Reviewed: March 2012
Released: 2011, Black Oak Entertainment
Reviewer: Metal-Rules.com UK Team
Two guys and a drum machine, is the way that south London two-piece Jethou, from Penge describe themselves. At first glance, such a title may appear obscure to some. Well obscurity is perhaps one way of describing the south London metallers and their 8 track offering. So they begin their journey with ‘Pornography’ an opener with heavy chugging riffs, accelerated drumming and a twisted and eerie spoken dialogue swamped together with guitar distortion to create a muddy and overall quite raw sound.
‘Meat head’ carries itself forward with enough bravado to live up to its name, with a foreboding drum intro and grind-esque guitars swinging back and forth and a double kick pedal that launches into a rapid fire procession of blistering intensity.
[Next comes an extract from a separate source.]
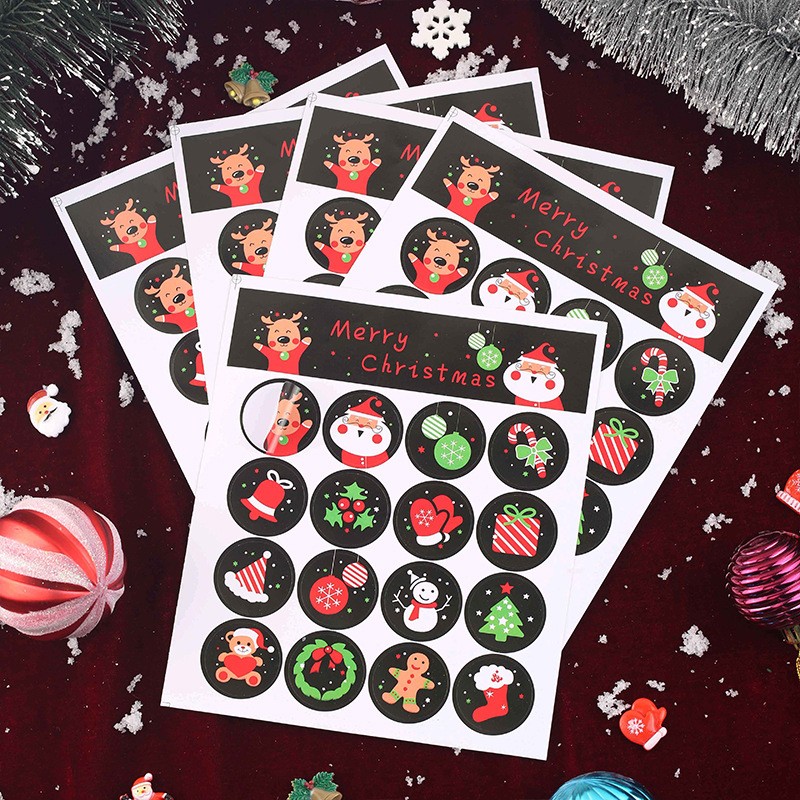 Наклейки новогодние круглые 9 шт. Диаметр 4 см.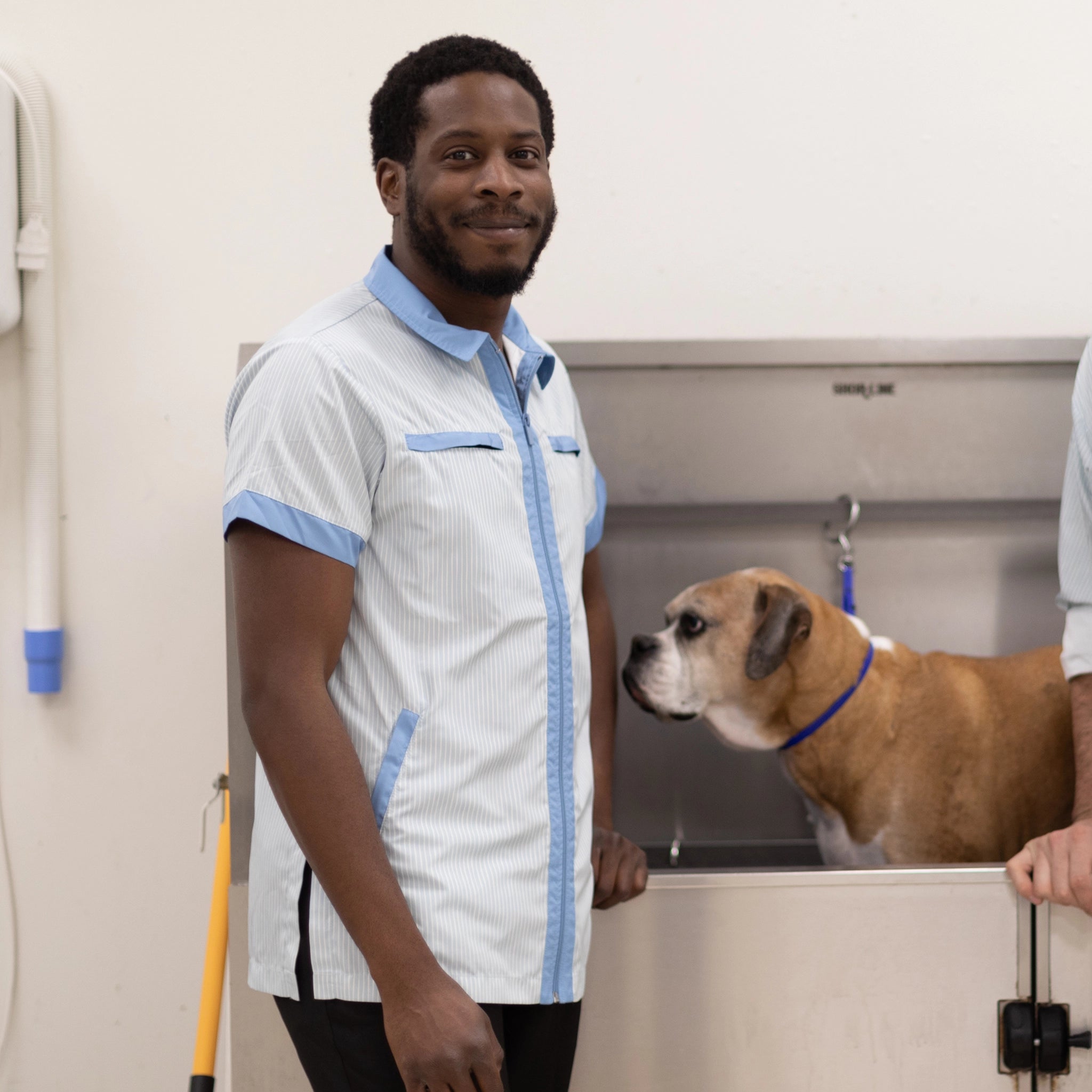 Our proprietary fabric repels fur and water. Quick drying and low maintenance, Clean Finish keeps you clean, confident and focused on the groom—not your smock.

A slight glimpse of melody to soothe those bleeding eardrums intervenes before a much needed solo.
‘The Well’ continues in the bands spoken dialogues fashion found earlier, infused with layer upon layer of distortion and a thick sonic boom bass that will send shockwaves across venues throughout their any live shows they are set to play.
A song worth noting here would be the sludgy and brooding density of ‘A Blaze in the South London Skies’. A desolate and enraged noise that fits well with vocals cut through like a shadow looming over a sunny south London day.
This is something that I feel worked well but flows better in the ethereal ‘The End Of All Time’, with its tribal drumming, dark lit melodies and vocal arrangement.
Finishing of the record is ‘French Letter’ a song which has slight industrial tendencies with a male and female dialogue waywardly crossing each other, an interesting stance to take in the band’s experimentation.
However, the EP does become tiresome feeling at certain points. I can see a certain amount of craftsmanship here but it does feel quite tedious formulaic at times. Putting this aside though, there is quite a lot of potential to be found and it would be interesting to see where Jethou take their musical endeavourers in any subsequent releases.